▸ **TRY IT**
Below this line is a listing that includes pictures. Copy exactly, and only, the lines from the one containing "九階には会議等に便利な大小四" through the one containing "报道组 采访吕梁市 市委书记李 正印。"; the pictures do not go in the copy.

▸ **TASK MATERIAL**
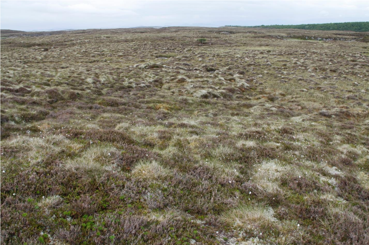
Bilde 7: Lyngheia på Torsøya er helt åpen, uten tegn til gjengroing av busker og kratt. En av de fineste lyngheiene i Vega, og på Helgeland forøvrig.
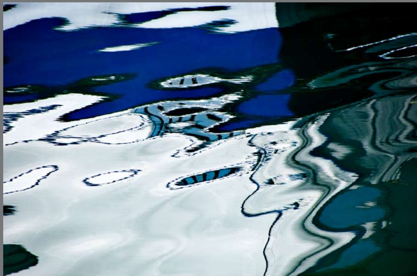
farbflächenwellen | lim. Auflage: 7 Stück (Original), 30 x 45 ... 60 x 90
...
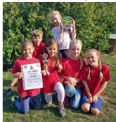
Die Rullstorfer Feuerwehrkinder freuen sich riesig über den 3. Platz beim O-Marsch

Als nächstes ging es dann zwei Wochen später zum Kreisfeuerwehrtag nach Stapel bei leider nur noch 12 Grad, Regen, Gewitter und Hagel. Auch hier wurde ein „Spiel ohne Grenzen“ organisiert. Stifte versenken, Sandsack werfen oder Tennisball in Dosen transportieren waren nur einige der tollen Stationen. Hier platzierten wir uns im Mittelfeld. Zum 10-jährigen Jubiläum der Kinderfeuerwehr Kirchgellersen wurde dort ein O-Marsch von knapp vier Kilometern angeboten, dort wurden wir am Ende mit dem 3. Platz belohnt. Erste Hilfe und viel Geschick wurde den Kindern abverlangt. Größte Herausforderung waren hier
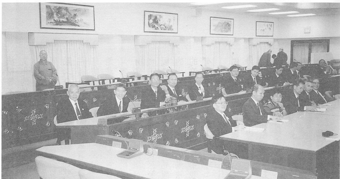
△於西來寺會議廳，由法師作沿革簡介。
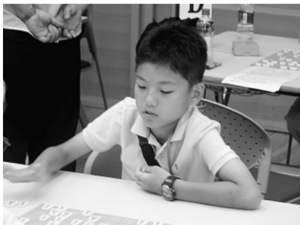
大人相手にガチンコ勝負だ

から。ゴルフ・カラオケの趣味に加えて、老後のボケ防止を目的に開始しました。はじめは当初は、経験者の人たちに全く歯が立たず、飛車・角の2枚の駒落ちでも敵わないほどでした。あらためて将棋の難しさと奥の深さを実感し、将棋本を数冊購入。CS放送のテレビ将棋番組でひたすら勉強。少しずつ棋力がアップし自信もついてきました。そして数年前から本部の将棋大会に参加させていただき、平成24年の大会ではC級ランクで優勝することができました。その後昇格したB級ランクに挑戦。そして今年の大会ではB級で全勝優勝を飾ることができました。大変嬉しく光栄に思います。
--
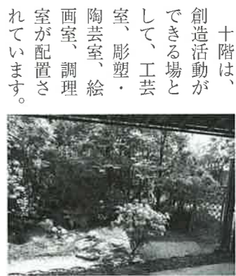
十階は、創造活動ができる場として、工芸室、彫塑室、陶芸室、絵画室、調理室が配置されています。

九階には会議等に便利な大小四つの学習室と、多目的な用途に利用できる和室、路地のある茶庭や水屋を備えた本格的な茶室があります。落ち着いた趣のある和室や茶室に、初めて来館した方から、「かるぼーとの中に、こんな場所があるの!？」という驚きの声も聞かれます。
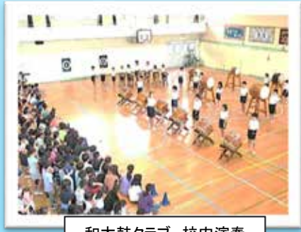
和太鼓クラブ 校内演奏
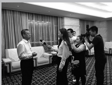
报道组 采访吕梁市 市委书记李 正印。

▸ **RESPONSE TO THIS EXERCISE**
九階には会議等に便利な大小四つの学習室と、多目的な用途に利用できる和室、路地のある茶庭や水屋を備えた本格的な茶室があります。落ち着いた趣のある和室や茶室に、初めて来館した方から、「かるぼーとの中に、こんな場所があるの!？」という驚きの声も聞かれます。
和太鼓クラブ 校内演奏
报道组 采访吕梁市 市委书记李 正印。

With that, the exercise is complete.